Work item
For the records below, output word for word the lines from the one with "Cette liste de" up to and including the one with "Cilegon - Upaya mengantisipasi". No pictures.

Dataset

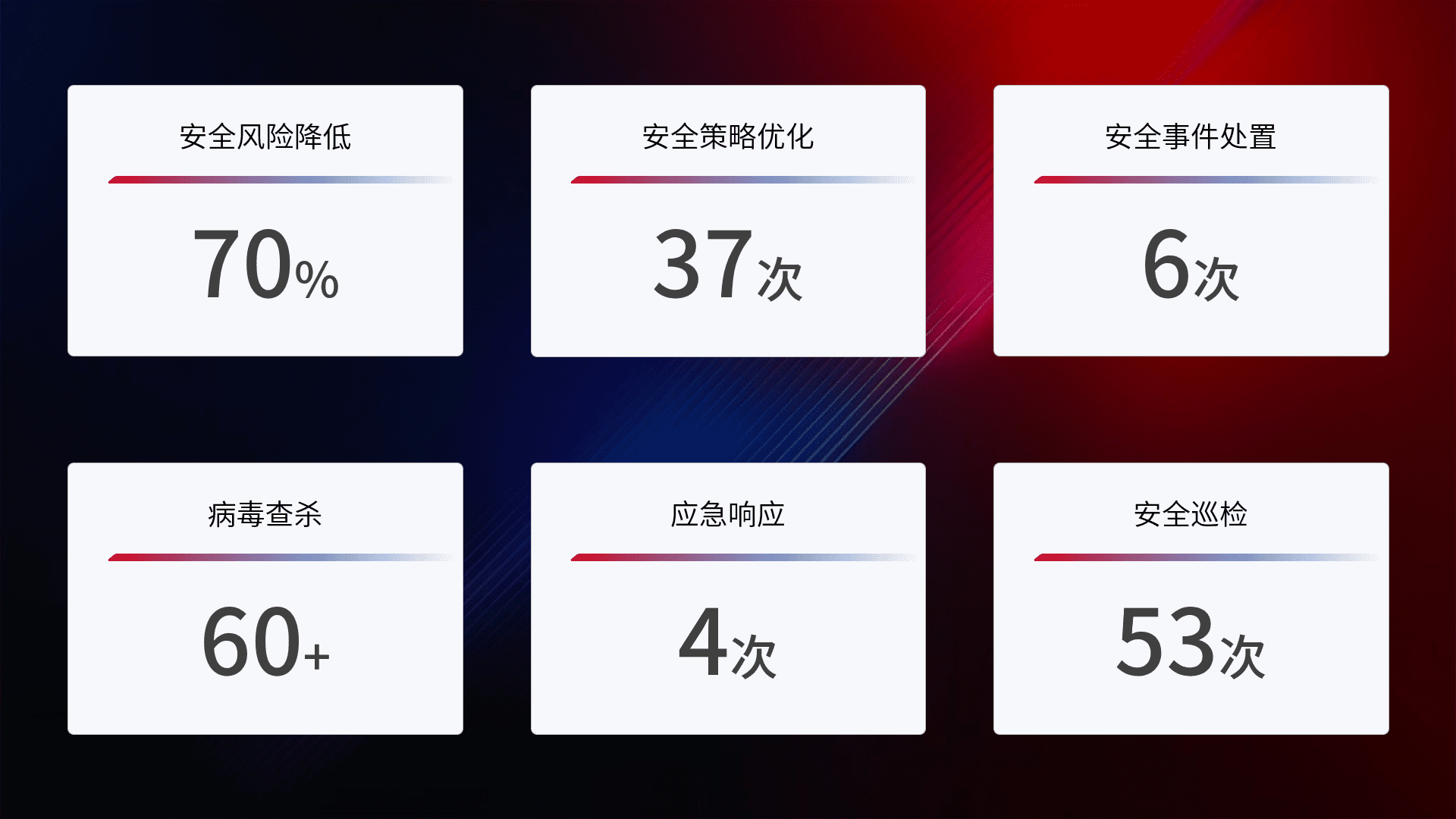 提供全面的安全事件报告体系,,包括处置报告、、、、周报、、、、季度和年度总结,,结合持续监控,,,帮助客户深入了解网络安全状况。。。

...

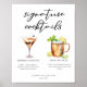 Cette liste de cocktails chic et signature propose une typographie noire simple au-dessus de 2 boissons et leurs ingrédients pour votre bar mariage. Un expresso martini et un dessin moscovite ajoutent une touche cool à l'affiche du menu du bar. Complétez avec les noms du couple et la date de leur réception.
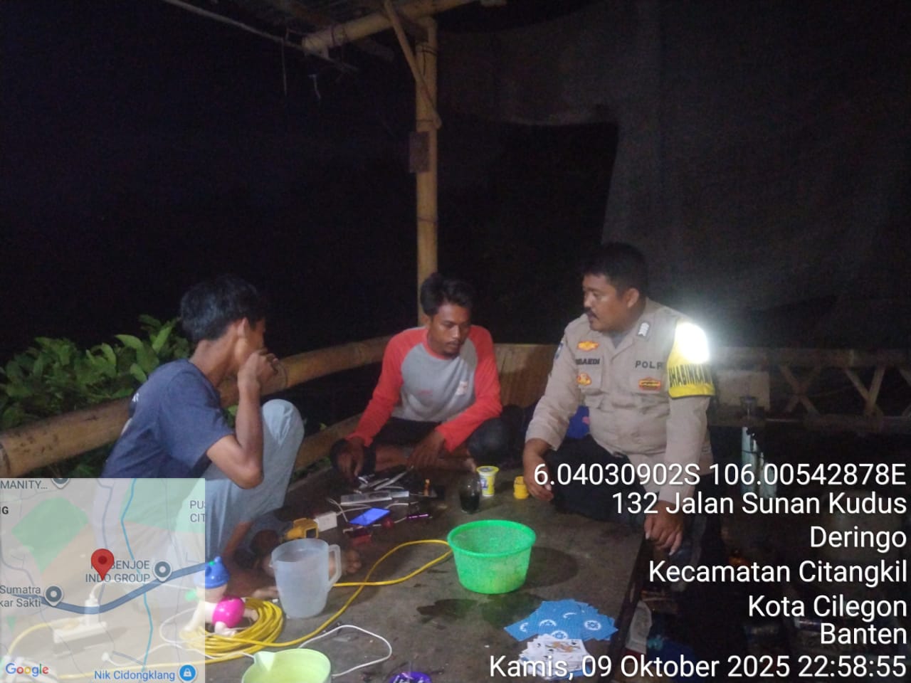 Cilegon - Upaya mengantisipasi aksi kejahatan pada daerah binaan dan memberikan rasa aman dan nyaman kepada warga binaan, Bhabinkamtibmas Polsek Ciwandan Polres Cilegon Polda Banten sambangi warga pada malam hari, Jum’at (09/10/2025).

Answer area
 Cette liste de cocktails chic et signature propose une typographie noire simple au-dessus de 2 boissons et leurs ingrédients pour votre bar mariage. Un expresso martini et un dessin moscovite ajoutent une touche cool à l'affiche du menu du bar. Complétez avec les noms du couple et la date de leur réception.
 Cilegon - Upaya mengantisipasi aksi kejahatan pada daerah binaan dan memberikan rasa aman dan nyaman kepada warga binaan, Bhabinkamtibmas Polsek Ciwandan Polres Cilegon Polda Banten sambangi warga pada malam hari, Jum’at (09/10/2025).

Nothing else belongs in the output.